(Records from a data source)
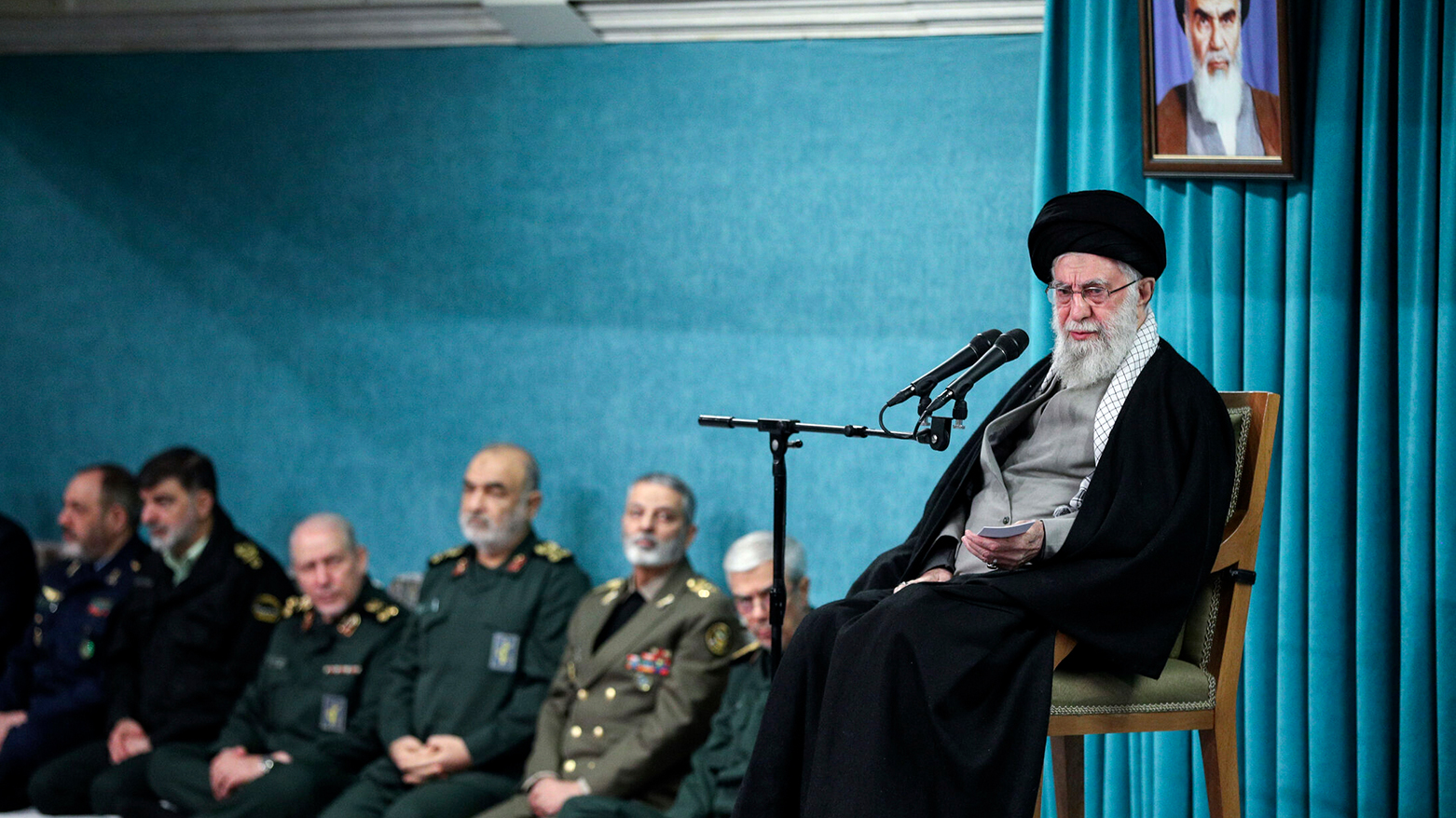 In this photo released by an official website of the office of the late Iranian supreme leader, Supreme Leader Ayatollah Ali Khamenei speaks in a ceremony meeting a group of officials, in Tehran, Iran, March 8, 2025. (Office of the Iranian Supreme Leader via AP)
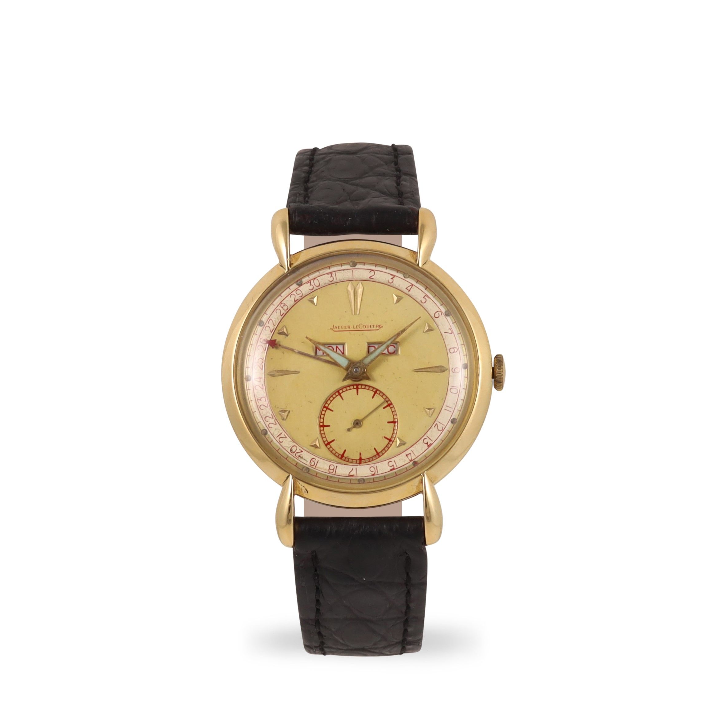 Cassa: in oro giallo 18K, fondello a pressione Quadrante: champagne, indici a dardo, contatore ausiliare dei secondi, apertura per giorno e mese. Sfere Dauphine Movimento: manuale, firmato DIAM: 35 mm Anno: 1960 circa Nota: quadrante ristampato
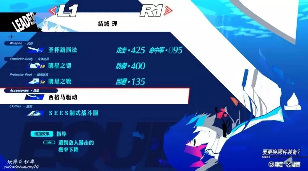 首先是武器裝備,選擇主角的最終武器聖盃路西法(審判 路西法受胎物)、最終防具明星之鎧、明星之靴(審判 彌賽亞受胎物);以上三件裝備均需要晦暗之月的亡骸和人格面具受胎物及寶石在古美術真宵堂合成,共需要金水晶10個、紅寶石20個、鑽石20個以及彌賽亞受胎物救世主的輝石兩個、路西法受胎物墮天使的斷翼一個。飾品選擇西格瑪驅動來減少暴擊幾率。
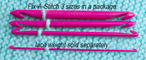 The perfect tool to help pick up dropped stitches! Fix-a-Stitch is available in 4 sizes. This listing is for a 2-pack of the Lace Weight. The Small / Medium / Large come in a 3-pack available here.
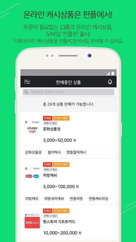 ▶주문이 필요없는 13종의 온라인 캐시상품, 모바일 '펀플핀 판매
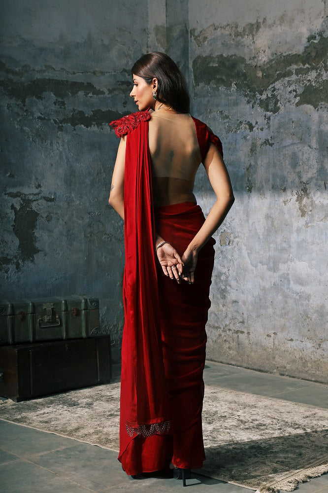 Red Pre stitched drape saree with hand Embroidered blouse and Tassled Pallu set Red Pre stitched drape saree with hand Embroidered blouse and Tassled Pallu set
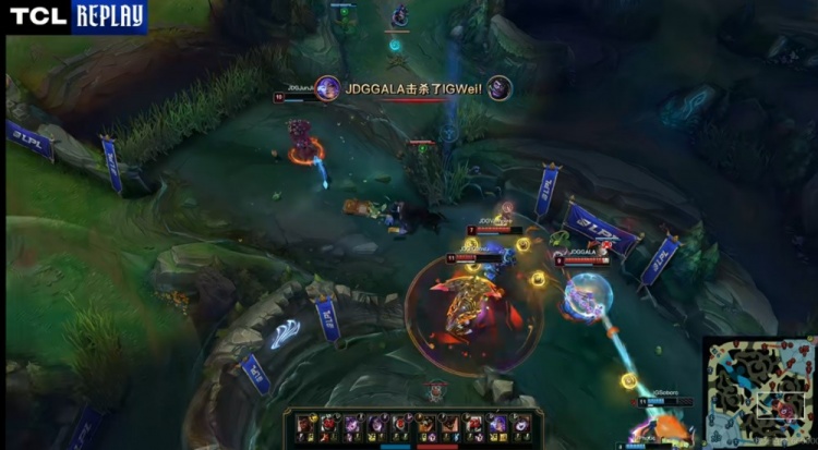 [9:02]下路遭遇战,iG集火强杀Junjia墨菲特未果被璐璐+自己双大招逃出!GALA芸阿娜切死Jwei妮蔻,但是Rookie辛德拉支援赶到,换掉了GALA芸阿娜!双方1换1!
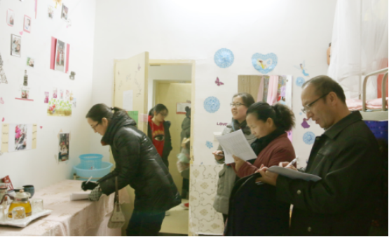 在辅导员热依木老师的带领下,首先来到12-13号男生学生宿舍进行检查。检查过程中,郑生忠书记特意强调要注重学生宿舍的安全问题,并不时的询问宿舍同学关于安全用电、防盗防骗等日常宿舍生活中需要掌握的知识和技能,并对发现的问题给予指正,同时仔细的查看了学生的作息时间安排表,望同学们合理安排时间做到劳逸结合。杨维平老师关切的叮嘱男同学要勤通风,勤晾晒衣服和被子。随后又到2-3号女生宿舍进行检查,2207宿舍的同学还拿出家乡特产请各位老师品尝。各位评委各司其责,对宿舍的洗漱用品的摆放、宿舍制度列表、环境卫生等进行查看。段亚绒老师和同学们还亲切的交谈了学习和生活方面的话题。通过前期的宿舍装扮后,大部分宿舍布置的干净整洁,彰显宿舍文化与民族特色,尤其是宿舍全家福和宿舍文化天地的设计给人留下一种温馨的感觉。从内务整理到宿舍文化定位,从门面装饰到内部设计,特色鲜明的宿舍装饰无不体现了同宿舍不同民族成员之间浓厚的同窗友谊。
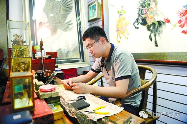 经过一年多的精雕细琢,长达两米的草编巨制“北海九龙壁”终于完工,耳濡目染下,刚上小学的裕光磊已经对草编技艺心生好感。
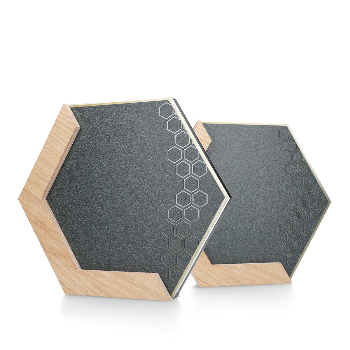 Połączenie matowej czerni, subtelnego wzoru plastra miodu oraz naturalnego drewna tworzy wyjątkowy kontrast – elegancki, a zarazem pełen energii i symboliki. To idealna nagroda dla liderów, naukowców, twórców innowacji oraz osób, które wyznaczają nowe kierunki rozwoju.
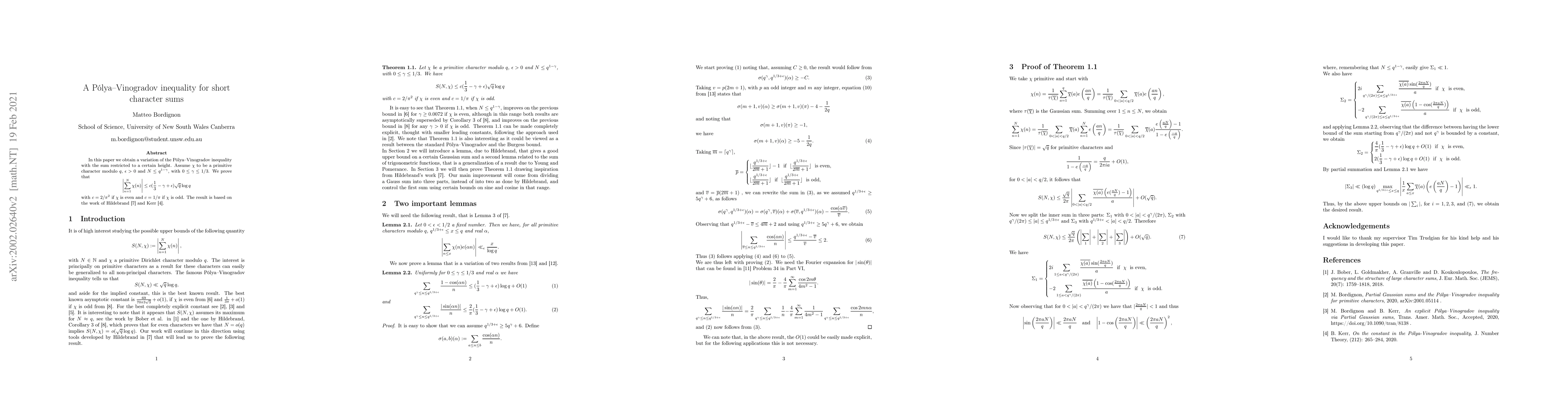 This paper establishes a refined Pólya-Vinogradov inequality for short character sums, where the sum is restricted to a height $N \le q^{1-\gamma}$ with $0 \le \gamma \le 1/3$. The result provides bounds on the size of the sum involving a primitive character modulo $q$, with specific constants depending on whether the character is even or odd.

## ABOUT THIS EXERCISE:
The expected output is each record, copied exactly, and nothing in place of the pictures.

## ANSWER AREA:
 In this photo released by an official website of the office of the late Iranian supreme leader, Supreme Leader Ayatollah Ali Khamenei speaks in a ceremony meeting a group of officials, in Tehran, Iran, March 8, 2025. (Office of the Iranian Supreme Leader via AP)
 Cassa: in oro giallo 18K, fondello a pressione Quadrante: champagne, indici a dardo, contatore ausiliare dei secondi, apertura per giorno e mese. Sfere Dauphine Movimento: manuale, firmato DIAM: 35 mm Anno: 1960 circa Nota: quadrante ristampato
 首先是武器裝備,選擇主角的最終武器聖盃路西法(審判 路西法受胎物)、最終防具明星之鎧、明星之靴(審判 彌賽亞受胎物);以上三件裝備均需要晦暗之月的亡骸和人格面具受胎物及寶石在古美術真宵堂合成,共需要金水晶10個、紅寶石20個、鑽石20個以及彌賽亞受胎物救世主的輝石兩個、路西法受胎物墮天使的斷翼一個。飾品選擇西格瑪驅動來減少暴擊幾率。
 The perfect tool to help pick up dropped stitches! Fix-a-Stitch is available in 4 sizes. This listing is for a 2-pack of the Lace Weight. The Small / Medium / Large come in a 3-pack available here.
 ▶주문이 필요없는 13종의 온라인 캐시상품, 모바일 '펀플핀 판매
 Red Pre stitched drape saree with hand Embroidered blouse and Tassled Pallu set Red Pre stitched drape saree with hand Embroidered blouse and Tassled Pallu set
 [9:02]下路遭遇战,iG集火强杀Junjia墨菲特未果被璐璐+自己双大招逃出!GALA芸阿娜切死Jwei妮蔻,但是Rookie辛德拉支援赶到,换掉了GALA芸阿娜!双方1换1!
 在辅导员热依木老师的带领下,首先来到12-13号男生学生宿舍进行检查。检查过程中,郑生忠书记特意强调要注重学生宿舍的安全问题,并不时的询问宿舍同学关于安全用电、防盗防骗等日常宿舍生活中需要掌握的知识和技能,并对发现的问题给予指正,同时仔细的查看了学生的作息时间安排表,望同学们合理安排时间做到劳逸结合。杨维平老师关切的叮嘱男同学要勤通风,勤晾晒衣服和被子。随后又到2-3号女生宿舍进行检查,2207宿舍的同学还拿出家乡特产请各位老师品尝。各位评委各司其责,对宿舍的洗漱用品的摆放、宿舍制度列表、环境卫生等进行查看。段亚绒老师和同学们还亲切的交谈了学习和生活方面的话题。通过前期的宿舍装扮后,大部分宿舍布置的干净整洁,彰显宿舍文化与民族特色,尤其是宿舍全家福和宿舍文化天地的设计给人留下一种温馨的感觉。从内务整理到宿舍文化定位,从门面装饰到内部设计,特色鲜明的宿舍装饰无不体现了同宿舍不同民族成员之间浓厚的同窗友谊。
 经过一年多的精雕细琢,长达两米的草编巨制“北海九龙壁”终于完工,耳濡目染下,刚上小学的裕光磊已经对草编技艺心生好感。
 Połączenie matowej czerni, subtelnego wzoru plastra miodu oraz naturalnego drewna tworzy wyjątkowy kontrast – elegancki, a zarazem pełen energii i symboliki. To idealna nagroda dla liderów, naukowców, twórców innowacji oraz osób, które wyznaczają nowe kierunki rozwoju.
 This paper establishes a refined Pólya-Vinogradov inequality for short character sums, where the sum is restricted to a height $N \le q^{1-\gamma}$ with $0 \le \gamma \le 1/3$. The result provides bounds on the size of the sum involving a primitive character modulo $q$, with specific constants depending on whether the character is even or odd.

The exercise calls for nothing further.